Quatre ans plus tard, volte-face. Devenue ministre de la transition écologique dans le gouvernement Castex, Barbara Pompili assure son plein soutien au ministère de l’agriculture, qui a décidé, jeudi 6 août, d’accorder une dérogation aux producteurs de betteraves sucrières pour qu’ils puissent continuer à utiliser les néonicotinoïdes l’an prochain et jusqu’en 2023 afin de lutter contre les pucerons verts vecteurs de l’épidémie de jaunisse, particulièrement virulente cette année. L’interdiction était pourtant entrée en vigueur en septembre 2018.

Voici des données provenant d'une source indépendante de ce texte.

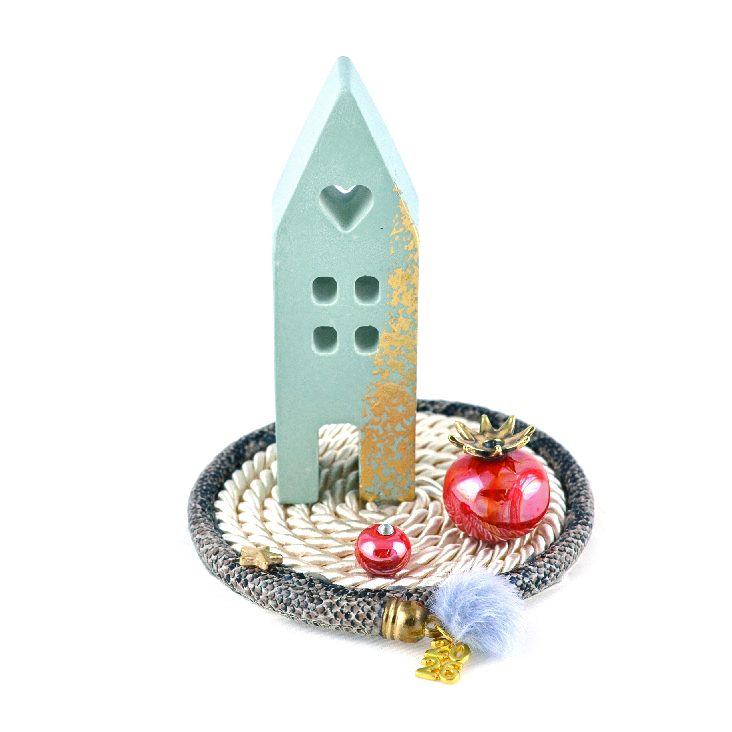 Χειροποίητο διακοσμητικό επιτραπέζιο με σύνθετα στοιχεία πάνω σε βάση από κορδόνι.
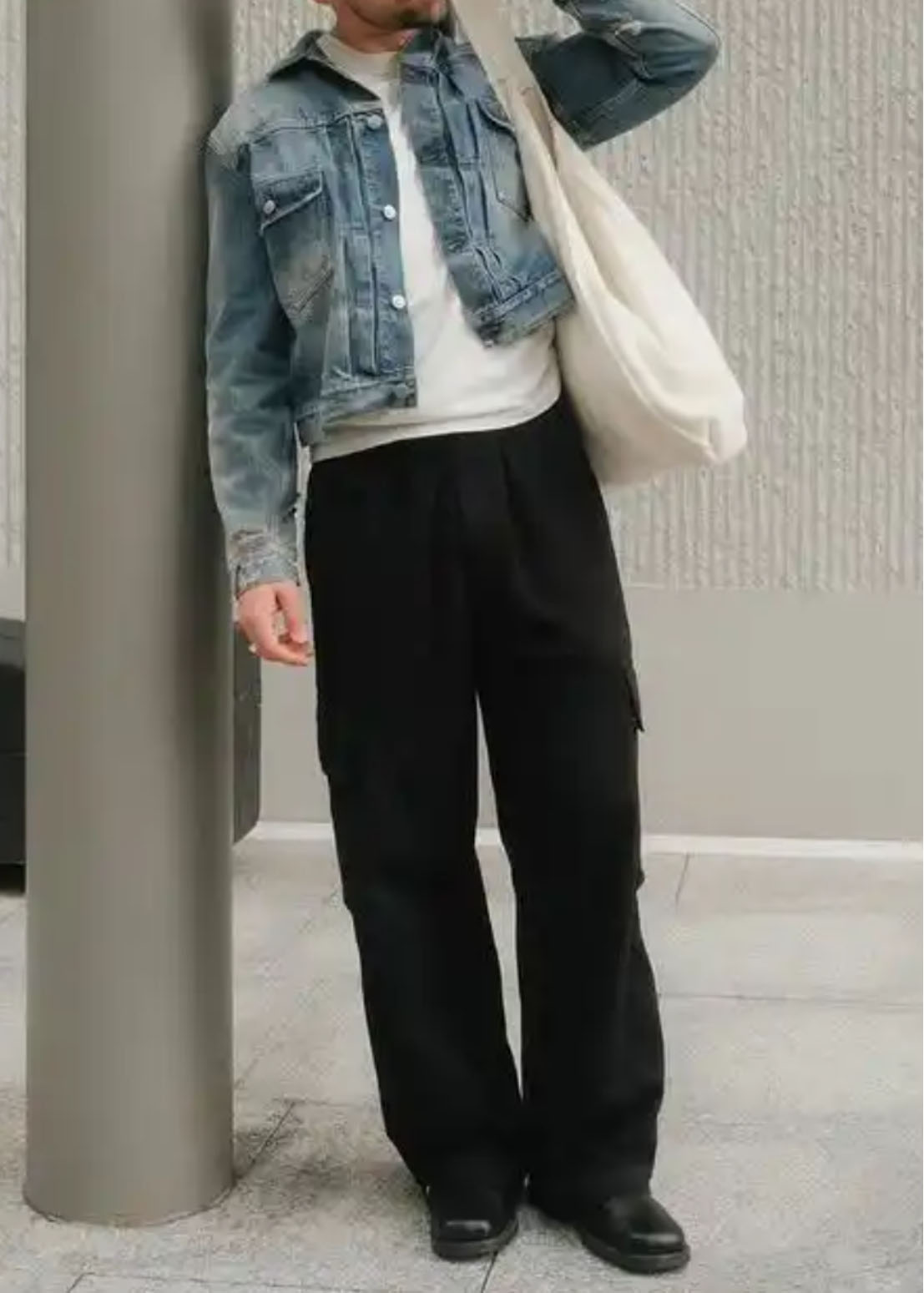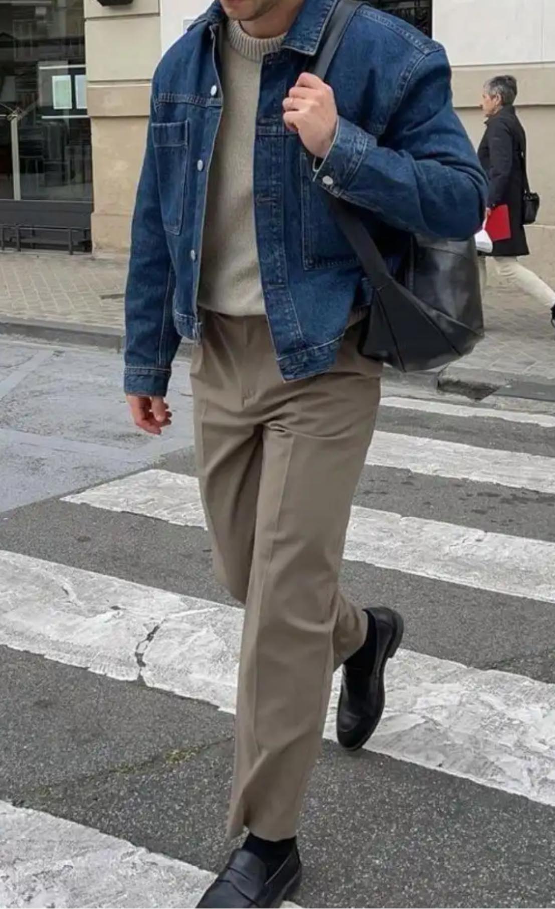 The denim jacket is not just a garment for warmth, but also a cultural symbol. Known for its durable and versatile fabric, it carries the spirit of freedom and individuality. After special washing techniques, it develops rich color layers and a versatile silhouette, full of creativity. Whether worn by men or women, it exudes an effortlessly cool and rebellious vibe. As a staple piece, it can be paired with a simple T-shirt and pants during spring and autumn, creating street-style photos with just a casual snap. A timeless denim jacket meets diverse style needs. When combined with cargo pants, it creates a fashionable and rugged look that suits everyone and remains visually appealing. Paired with casual suit pants, it offers an elegant option for the workplace, presenting a low-key yet sophisticated and layered outfit. Matching a denim jacket with wide-leg pants enhances a literary and trendy feel, making the overall look bold and stylish.

Dans une série de tweets diffusée lundi, la ministre qui fut membre d’EELV jusqu’en 2015 (avant de rejoindre les rangs de LREM en 2017) assure que cette dérogation est « la seule solution possible à court terme pour éviter l’effondrement de la filière sucrière en France » et que « les alternatives aux néonicotinoïdes pour la betterave se sont avérées inefficaces pour l’instant ».

Cette décision, qui doit faire l’objet d’un projet de loi à la rentrée, vient conclure un lobbying éclair et structuré de la filière de la betterave qui s’est largement appuyée sur les relais politiques pour faire rapidement plier le gouvernement. Le 8 juillet, le président de la CGB (Confédération générale des planteurs de betteraves) indiquait ainsi que la situation était « hors de contrôle » et pointait l’interdiction des néonicotinoïdes…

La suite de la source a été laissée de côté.